Habría que introducir otras variables, también para el líder de la oposición Núñez Feijóo, como el propio resultado de las europeas, que quiere convertir en una especie de plebiscito sobre la amnistía, de las gallegas y las vascas (con la pugna entre PNV y Bildu como eje), también en 2024, y, de las catalanas, con fecha límite en febrero de 2025 que podrían adelantarse al próximo otoño. Para el verano, previsiblemente, la Ley de Amnistía estará vigente. Habrá que ver si, como se deduce de la última encuesta del CIS, los partidos independentistas perderían la mayoría en el Parlament lo que cambiaría la situación política en Cataluña y en el conjunto de España, o no.

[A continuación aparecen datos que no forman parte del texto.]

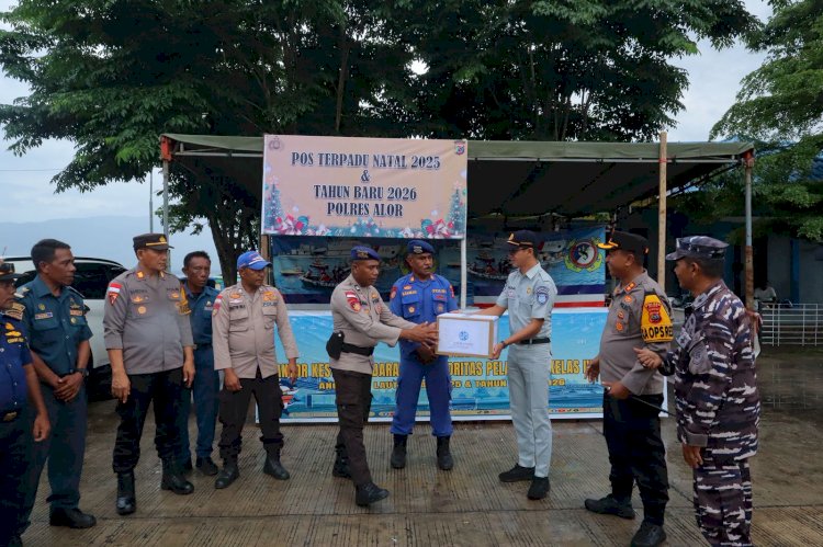 Tribratanewsalor.com - Kapolres Alor AKBP Nur Azhari, S.H., bersama instansi terkait melaksanakan pengecekan Pos Pengamanan Natal dan Tahun Baru (Nataru) di wilayah hukum Polres Alor pada Rabu, 24 Desember 2025, pukul 16.00 WITA. Kegiatan pengecekan tersebut dilaksanakan di Pos Pengamanan Nataru Pelabuhan Pelni Kalabahi serta Pos Terpadu Pelabuhan Dulionong, Kecamatan Teluk Mutiara, Kabupaten Alor.
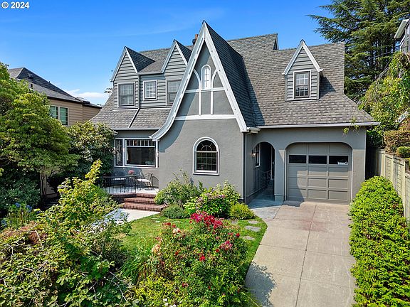 Open Houses: Sat 8/10 & Sun 8/11 ~ 12:00pm-2:00pm. Step into timeless elegance with this stunning English Tudor home, nestled in the heart of Alameda, one of Portland's most sought-after neighborhoods. Built in 1929, this residence seamlessly marries old-world charm with modern luxury, offering an exquisite living experience. The home's rich history is evident in every detail, from the original hardwood floors that grace the main and second levels to the beautifully preserved wood windows that bathe each room in natural light. The kitchen which overlooks the southwest facing backyard was updated in 2021 and provides a perfect blend of classic design and contemporary amenities, making it a chef's dream. Adjacent to the kitchen, the formal dining room exudes sophistication with its custom built-ins, offering both elegance and practicality for your entertaining needs. The nearby sunroom offers a serene space to enjoy your morning coffee, with views of the lush, landscaped backyard.Upstairs, you’ll find three generously sized bedrooms, including a luxurious 25 X 12 Primary and a spacious walk-in closet. The 2nd Floor bath was remodeled in 2024 and is gorgeous with new honed marble floor, subway bath surround and refinished original tub. The fully finished basement adds versatility to the home with a fourth bedroom and third bath, ideal for guests or a private retreat.Outside, the backyard is a true sanctuary, with two inviting patios perfect for entertaining or quiet relaxation. Established landscaping around the perimeter of the fenced property enhances privacy, while the Southwest-facing orientation offers fabulous afternoon sun.Located just a few blocks from the beloved Grant Park and the prestigious Grant High School, this home offers not just a residence, but a lifestyle. Experience the perfect blend of historic charm and modern convenience in one of Portland’s most iconic neighborhoods. It's a must see! [Home Energy Score = 1. HES Report at https://rpt.greenbuildingregistry.com/hes/OR10232024]
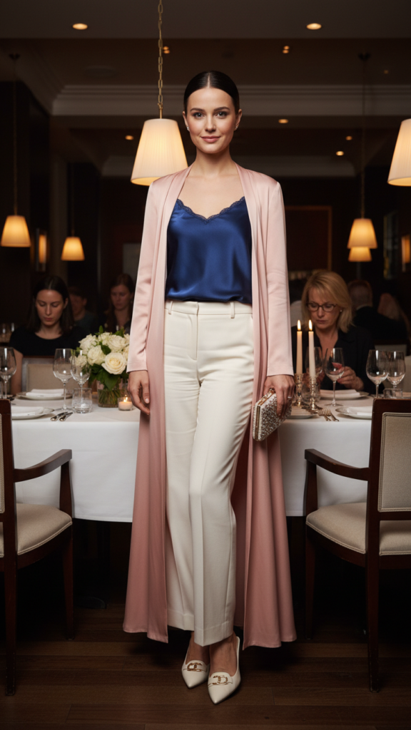 Choose a silk camisole in complementary tones—ivory, blush, or soft gray work beautifully. Layer a customized duster jacket over your ensemble for minimalist sophistication that photographs wonderfully. This versatile outfit moves flawlessly from dinner to after-party celebrations.
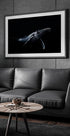 Uma poderosa fotografia subaquática discreta de uma majestosa baleia jubarte nadando graciosamente pelas profundezas escuras do oceano. Esta obra de arte dramática captura o tamanho e a beleza de um dos verdadeiros gigantes da natureza e é perfeita para criar um clima ousado e inspirador em qualquer espaço.

En 2024 hay otra elección importante, aunque en condiciones poco democráticas, que es la del presidente de Rusia. Vladimir Putin tiene todas las de ganar, pero la participación y el voto indicará si realmente una mayoría abrumadora de ciudadanos le sigue en su guerra contra Ucrania y en su política en general. Ucrania debería también tener elecciones en 2024 –presidenciales en marzo, legislativas en octubre–. Será difícil celebrarlas en condiciones de guerra y con una parte del país ocupada, pero a Zelenski le preocupa no hacerlas. Ganarlas le significaría un nuevo impulso, dentro y fuera, con una Europa en la que cada vez ganan más los contrarios a ayudar a Kiev en esta guerra. Al final serán los votos, especialmente en Estados Unidos y en Rusia, los que determinarán el futuro de una guerra que parece cada vez más estancada.
Puede que a finales de 2024 tengamos un mundo mejor o peor como resultado de algunas elecciones. Seguramente, resultará aún más complicado.